In: Economics
ECON 2307 Week 2 Discussion
1. What are roles (activities) of households, firms, and governments in an economy?
2. What is nominal GDP? Why do we need to calculate real GDP?
3. A Bakery buys $4.00 of flour from a Mill and uses the flour to make bread sold to the public for $12.00. Taking these two transactions into account, what is the effect on GDP?
4. Explain why it is the case that the value of intermediate goods produced and sold during the year is not included directly as part of GDP, but the value of intermediate goods produced and not sold is included directly as part of GDP.
Households act as consumers, they consume final goods and services produced in the economy. They are owners of factors of production like labor, land, capital and entrepreneur, which are supplied to firms.

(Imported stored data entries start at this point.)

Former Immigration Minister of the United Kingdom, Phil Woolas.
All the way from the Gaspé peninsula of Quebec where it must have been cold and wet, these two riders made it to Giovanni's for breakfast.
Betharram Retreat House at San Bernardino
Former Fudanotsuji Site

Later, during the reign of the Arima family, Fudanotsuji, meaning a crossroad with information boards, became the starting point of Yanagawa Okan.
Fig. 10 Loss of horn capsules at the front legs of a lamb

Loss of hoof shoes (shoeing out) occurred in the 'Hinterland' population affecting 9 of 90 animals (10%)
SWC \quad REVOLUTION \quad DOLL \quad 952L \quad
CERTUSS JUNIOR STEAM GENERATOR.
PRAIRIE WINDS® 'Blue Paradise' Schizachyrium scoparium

Households act as savers since excess income over consumption is saved and lent out as investment. Households pay taxes.
Firms make the decision to manufacture and sell goods and services. They employ and pay for the factors of production like labor, land and capital.

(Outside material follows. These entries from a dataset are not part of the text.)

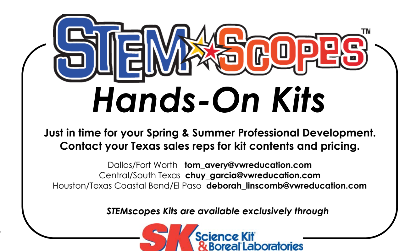
Table 3: Comparison of STEM sample GALT data by gender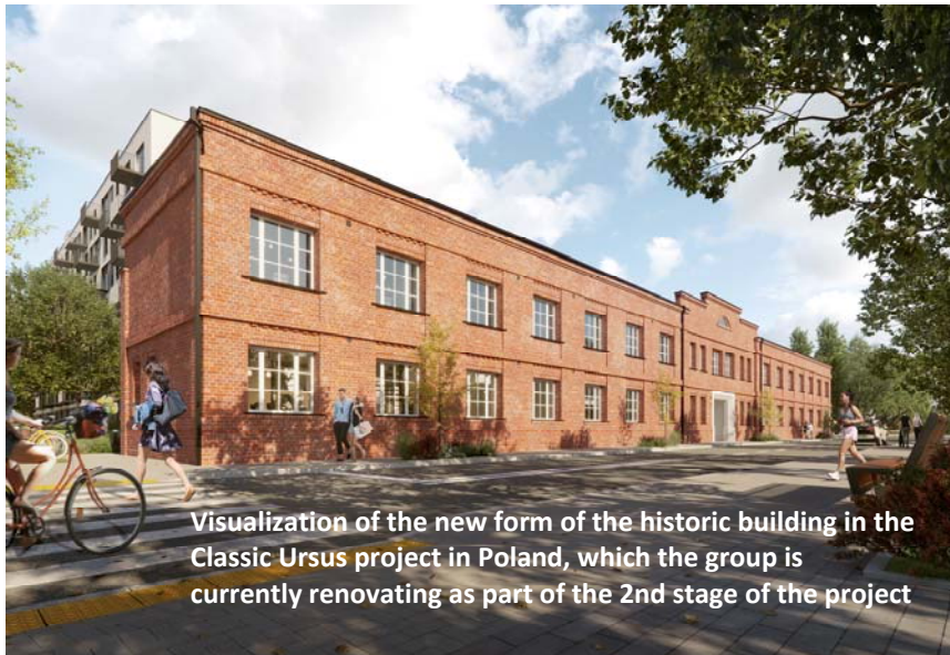
Visualization of the new form of the historic building in the Classic Ursus project in Poland, which the group is currently renovating as part of the 2nd stage of the project

Prague, May 15, 2024 – The international developer UDI Group opened a fund of qualified investors. It will make it possible to invest in czech and foreign development projects. It is intended for private and institutional investors. It offers an appreciation of up to 15 percent. The resources obtained from investors will be used for the construction of specific prepared projects as well as for financing the development of the group.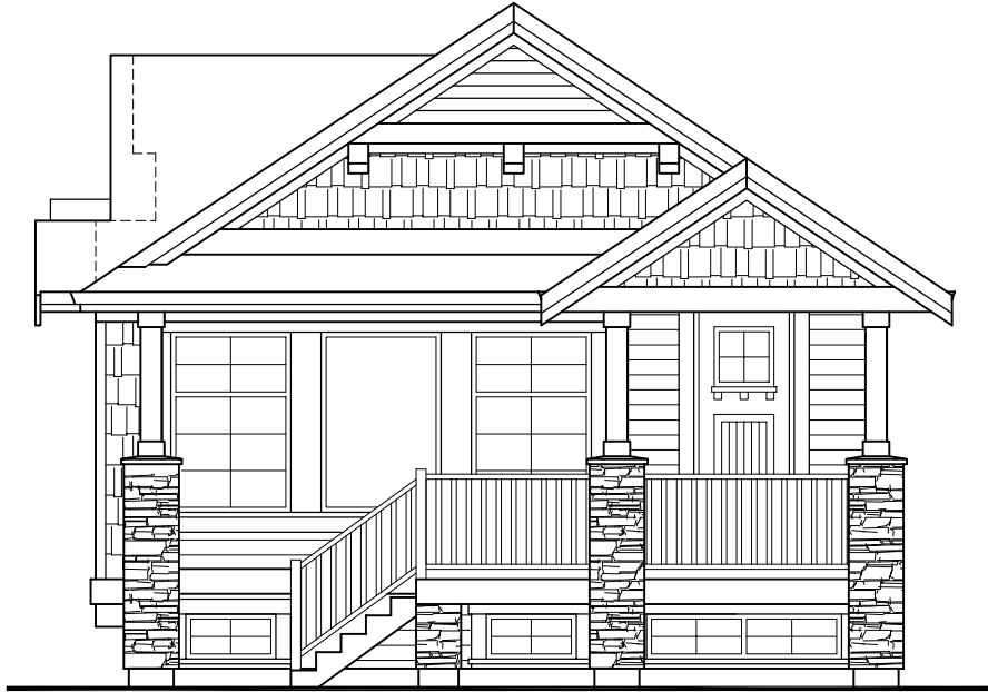
LOT 107 - DETACHED GARAGE LOADED FROM REAR LANE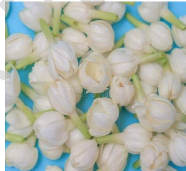
J. sambac buds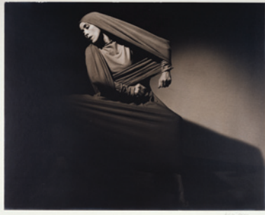
11. Barbara Morgan American, 1900–1992 Martha Graham - "Lamentation", 1935 Gelatin silver print Image: 38.2 x 48.3 cm (15 1/16 x 19 in.) The J. Paul Getty Museum, Los Angeles 96.XM.61.2

Government plays a key role in all types of economies like capitalist, socialist and mixed economies. In capitalist economy, the government has to encourage free competition, provide incentives for private sector, be a regulatory body, prohibit restrictions on free enterprise like regulating monopolies, maintain law and order, protect property rights, regulate money supply.

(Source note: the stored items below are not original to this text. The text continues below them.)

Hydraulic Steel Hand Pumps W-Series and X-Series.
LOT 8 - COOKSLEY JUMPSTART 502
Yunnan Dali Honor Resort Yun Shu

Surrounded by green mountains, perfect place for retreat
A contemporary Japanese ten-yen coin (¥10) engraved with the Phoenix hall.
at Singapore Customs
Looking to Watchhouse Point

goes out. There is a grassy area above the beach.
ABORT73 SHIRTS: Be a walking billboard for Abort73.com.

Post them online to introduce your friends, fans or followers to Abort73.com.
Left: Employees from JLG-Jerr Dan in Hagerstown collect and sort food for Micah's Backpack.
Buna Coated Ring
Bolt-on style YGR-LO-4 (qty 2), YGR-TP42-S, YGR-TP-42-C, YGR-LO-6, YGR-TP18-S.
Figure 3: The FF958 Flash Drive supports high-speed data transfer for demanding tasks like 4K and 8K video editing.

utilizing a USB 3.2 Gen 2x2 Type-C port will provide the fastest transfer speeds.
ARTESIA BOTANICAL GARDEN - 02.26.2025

In socialist economies, the government controls all production, distribution and consumption decisions. Decisions related to production, allocation of resources, employment, pricing, and consumption are made solely by the government or its central planning authority.
Mixed economy is where both free enterprise and socialism prevail. The government owns public sector corporations like banks, electricity, water, gas etc. The government regulates and provides incentives for the private sector, as well as, provides basic infrastructure for common good.
Nominal GDP is current year prices times current year quantity, it gives the value of goods and services produced at the current year prices.
Real GDP is base year prices times current year quantity. Real GDP controls for the effect of inflation. It gives a more realistic picture. Nominal GDP is always higher than real GDP.